--- EXERCISE DATA Enclosed Below ---
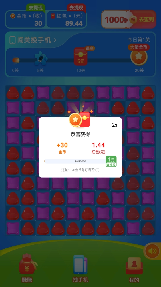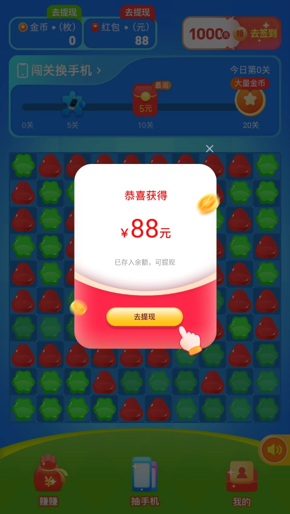 消除所有方块就能通关并获得相应奖励,开启后还能得到随机红包和金币。
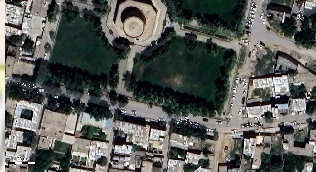 نقشه همراه با تصویر هوایی - ماهواره ای شهر کلات در اتوکد با مختصات UTM
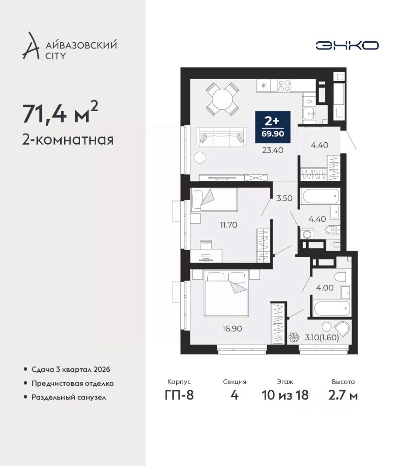 Продается двухкомнатная квартира с предчистовой отделкой в ЖК "Айвазовский City" на 10 этаже. Общая площадь: 71.4 кв.м. Высота потолков 2.7 м.
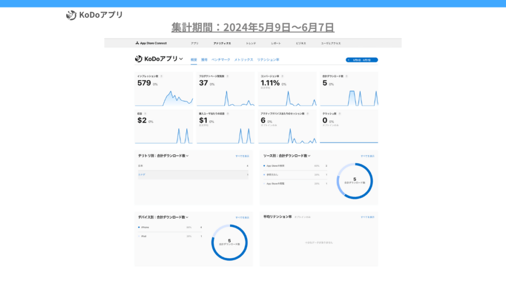 みなさまにKoDoアプリをご利用いただき、2024年6月度(今回は中間報告です)のダウンロード数が5を突破しました。
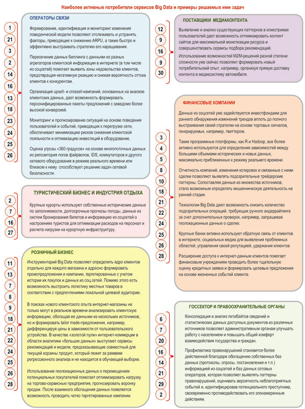 На диаграмме отражен масштаб использования в России данных, перечисленных в таблице. Среди тех, кто уже сегодня оценил коммерческую ценность трансформации данных, – операторы связи, финансовые, туристические компании, игроки ритейл-рынка, а также предприятия по добыче природных ископаемых.
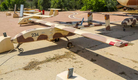 HATZERIM, ISRAEL - MAY 2, 2017: IAF IAI Scout Reconnaissance Drone on display at The Israeli Air Force Museum. The museum was established in 1977 and has been open to the public in 1991
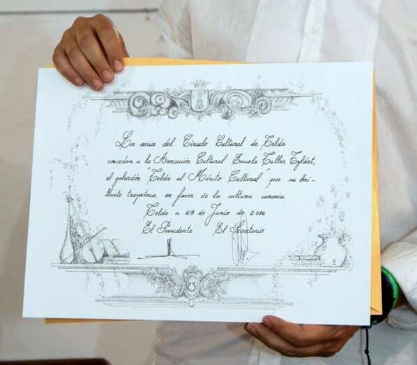 El diploma acreditativo del Premio es entregado por don Sebastián Sánchez Grisaleña en el que se especifica lo siguiente: “Los socios del Círculo Cultural de Telde conceden a la Asociación Cultural Escuela Taller Tyldet, el galardón Telde al Mérito Cultural por su brillante trayectoria a favor de la cultura canaria. Telde a 29 de junio de 2016. Firmado El Presidente y el Secretario”.
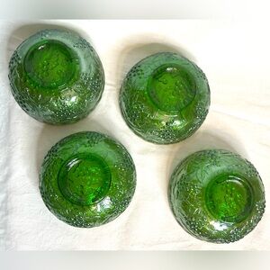 Four Indiana Style Art Green Carnival Glass 4.5” Floral Grape Small Bowls
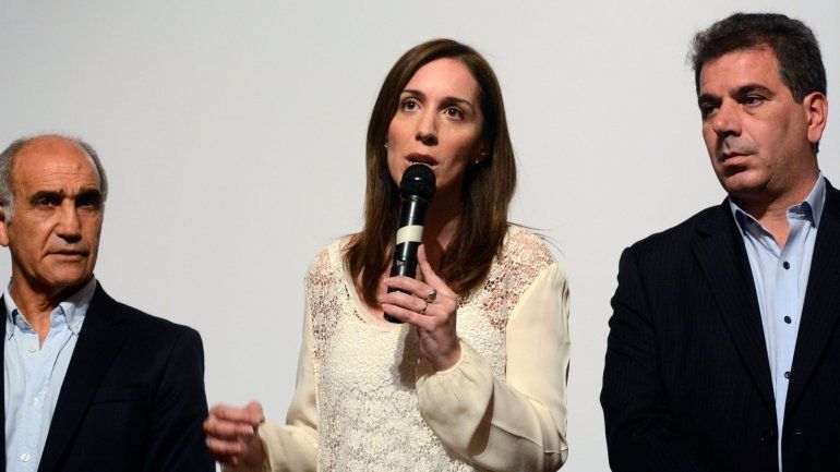 Además, indicó que denunciarán ante la Justicia a todos los involucrados. "Vamos a llevar adelante denuncias penales, no sólo sumarios administrativos". Vidal, junto al vicegobernador Salvador y el ministro Ritondo.
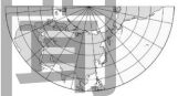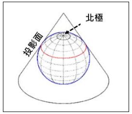 42. 根據下圖的地圖投影方法,下列何者描述最正確? (A)此為麥卡托投影系列的一種正形投影 (B)緯度越高的地方,形狀變形越嚴重 (C)投影面與地球相切的緯度線,其圖形變形最小 (D)適合南北狹長型國家採用
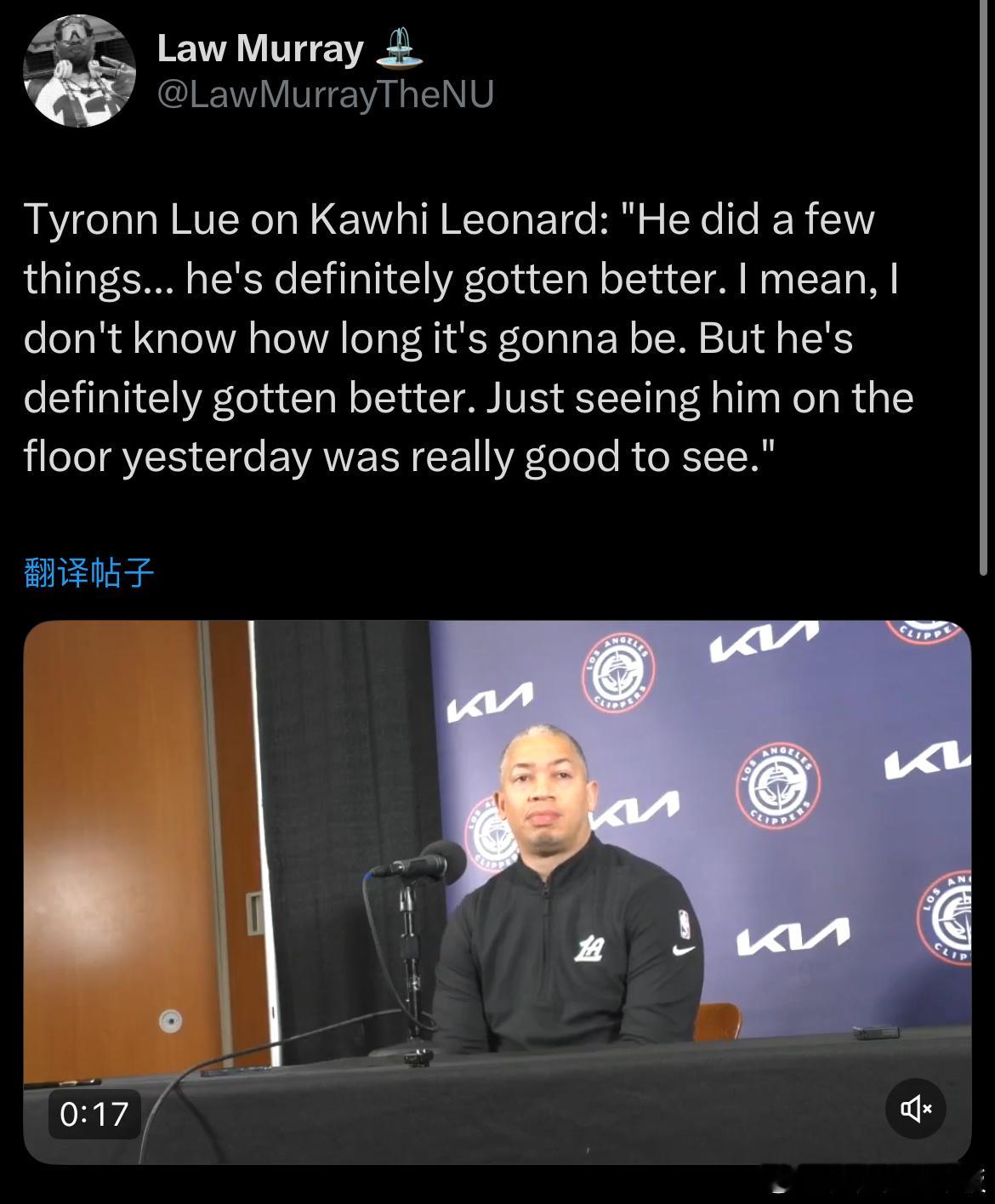 今天快船对阵魔术,伦纳德将连续第9场缺阵。泰伦卢表示,“他肯定有在好转,我不知道他整个过程需要多长时间,但他确实有在进步,昨天看到他回到球场真是太好了。”过去8场比赛,快船战绩1胜7负。
--- End of Enclosed EXERCISE DATA ---
Output the listing above exactly, pictures omitted.

 消除所有方块就能通关并获得相应奖励,开启后还能得到随机红包和金币。
 نقشه همراه با تصویر هوایی - ماهواره ای شهر کلات در اتوکد با مختصات UTM
 Продается двухкомнатная квартира с предчистовой отделкой в ЖК "Айвазовский City" на 10 этаже. Общая площадь: 71.4 кв.м. Высота потолков 2.7 м.
 みなさまにKoDoアプリをご利用いただき、2024年6月度(今回は中間報告です)のダウンロード数が5を突破しました。
 На диаграмме отражен масштаб использования в России данных, перечисленных в таблице. Среди тех, кто уже сегодня оценил коммерческую ценность трансформации данных, – операторы связи, финансовые, туристические компании, игроки ритейл-рынка, а также предприятия по добыче природных ископаемых.
 HATZERIM, ISRAEL - MAY 2, 2017: IAF IAI Scout Reconnaissance Drone on display at The Israeli Air Force Museum. The museum was established in 1977 and has been open to the public in 1991
 El diploma acreditativo del Premio es entregado por don Sebastián Sánchez Grisaleña en el que se especifica lo siguiente: “Los socios del Círculo Cultural de Telde conceden a la Asociación Cultural Escuela Taller Tyldet, el galardón Telde al Mérito Cultural por su brillante trayectoria a favor de la cultura canaria. Telde a 29 de junio de 2016. Firmado El Presidente y el Secretario”.
 Four Indiana Style Art Green Carnival Glass 4.5” Floral Grape Small Bowls
 Además, indicó que denunciarán ante la Justicia a todos los involucrados. "Vamos a llevar adelante denuncias penales, no sólo sumarios administrativos". Vidal, junto al vicegobernador Salvador y el ministro Ritondo.
 42. 根據下圖的地圖投影方法,下列何者描述最正確? (A)此為麥卡托投影系列的一種正形投影 (B)緯度越高的地方,形狀變形越嚴重 (C)投影面與地球相切的緯度線,其圖形變形最小 (D)適合南北狹長型國家採用
 今天快船对阵魔术,伦纳德将连续第9场缺阵。泰伦卢表示,“他肯定有在好转,我不知道他整个过程需要多长时间,但他确实有在进步,昨天看到他回到球场真是太好了。”过去8场比赛,快船战绩1胜7负。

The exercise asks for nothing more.